A copy of the reports from every town in the State is to be transmitted to the General Board of Health to furnish materials for their annual reports. In this way a sanitary survey of the State would be made and published every year, imparting information of the utmost importance.

XI. WE RECOMMEND that the sanitary and other reports and statements of the affairs of cities and towns which may be printed should be in octavo form, on paper and page of uniform size, (similar to the public documents of the State,) and designed to be bound together, as THE ANNUAL REPORTS OF THE TOWN; and that five copies be preserved by the Board of Health, one copy be furnished to the General Board of Health, one to the State Library, and that others be given to Boards of Health elsewhere in exchange for their publications.

The system of exchanges of public documents and works, was introduced into this State, by a member of this commission, by a resolution which passed the Legislature, April 23, 1838. This was some years before Mr. Vattemare was known in this country as its promoter. Though much less has been accomplished in carrying out the provisions of that resolve, than might have been done, yet considerable benefit has already resulted from the measure. A uniform collection of all the printed documents of a city or town, bound and preserved; and in addition a collection of similar works of other towns and public bodies, would constitute an exceedingly valuable fund of the recorded experience of the age; and could not fail of being of great use to all interested. We have accordingly provided for it in section eleven.
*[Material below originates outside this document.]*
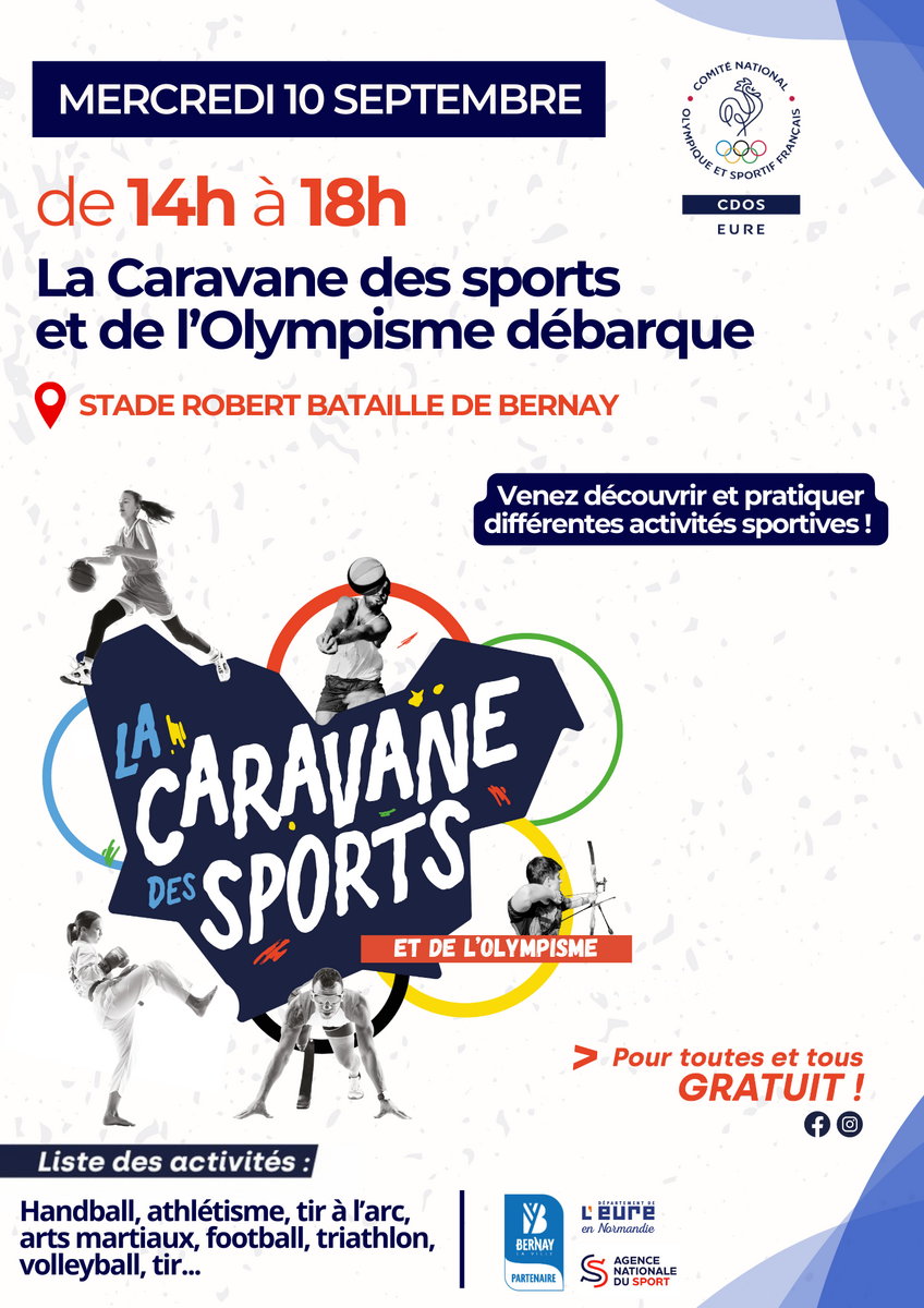 Rendez-vous sur le stade Robert Bataille de Bernay le 𝗺𝗲𝗿𝗰𝗿𝗲𝗱𝗶 𝟭𝟬 𝘀𝗲𝗽𝘁𝗲𝗺𝗯𝗿𝗲 pour une après-midi de découvertes sportives gratuite et ouverte à toutes et tous !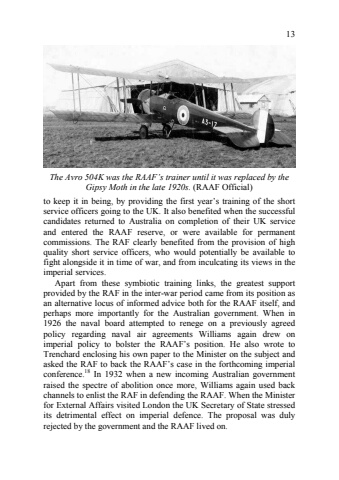 13to keep it in being, by providing the first year%u2019s training of the short service officers going to the UK. It also benefited when the successful candidates returned to Australia on completion of their UK service and entered the RAAF reserve, or were available for permanent commissions. The RAF clearly benefited from the provision of high quality short service officers, who would potentially be available to fight alongside it in time of war, and from inculcating its views in the imperial services. Apart from these symbiotic training links, the greatest support provided by the RAF in the inter8war period came from its position as an alternative locus of informed advice both for the RAAF itself, and perhaps more importantly for the Australian government. When in 1926 the naval board attempted to renege on a previously agreed policy regarding naval air agreements Williams again drew on imperial policy to bolster the RAAF%u2019s position. He also wrote to Trenchard enclosing his own paper to the Minister on the subject and asked the RAF to back the RAAF%u2019s case in the forthcoming imperial conference.18 In 1932 when a new incoming Australian government raised the spectre of abolition once more, Williams again used back channels to enlist the RAF in defending the RAAF. When the Minister for External Affairs visited London the UK Secretary of State stressed its detrimental effect on imperial defence. The proposal was duly rejected by the government and the RAAF lived on. The Avro 504K was the RAAF%u2019s trainer until it was replaced by the Gipsy Moth in the late 1920s. (RAAF Official)

The city of Baltimore requires reports from all the departments of the government and city institutions, to be made annually in January; and these reports are published together, in a volume, forming an exceedingly valuable depository of official papers, showing the history and progress of the city. A similar practice, embracing a part only of the city institutions, prevails in Salem, Lowell, Cambridge, and in some other places, in our own State. It should be generally adopted by all municipal corporations, any of whose documents are printed.

XII. WE RECOMMEND that the successive enumerations of the inhabitants of the State be so made, abstracted, and published, that the most useful and desirable information concerning the population may be ascertained.

Several important purposes are attained in an accurate enumeration or census of the inhabitants. The constitution of the

United States and of this State both require such enumerations to be made, as the basis on which the number of representatives to the national and state legislatures shall be determined. This is a political purpose. The character of man, as a social being, is modified by the circumstances of his existence, and varies as these circumstances vary in their development in different places and at different periods; and it is desirable for a social and scientific purpose that such characteristics may be ascertained as will exhibit these varieties or differences. An exact knowledge, too, of the living inhabitants in a given locality, is the first, and an essential element, for estimating their sanitary condition. This is the third most important purpose.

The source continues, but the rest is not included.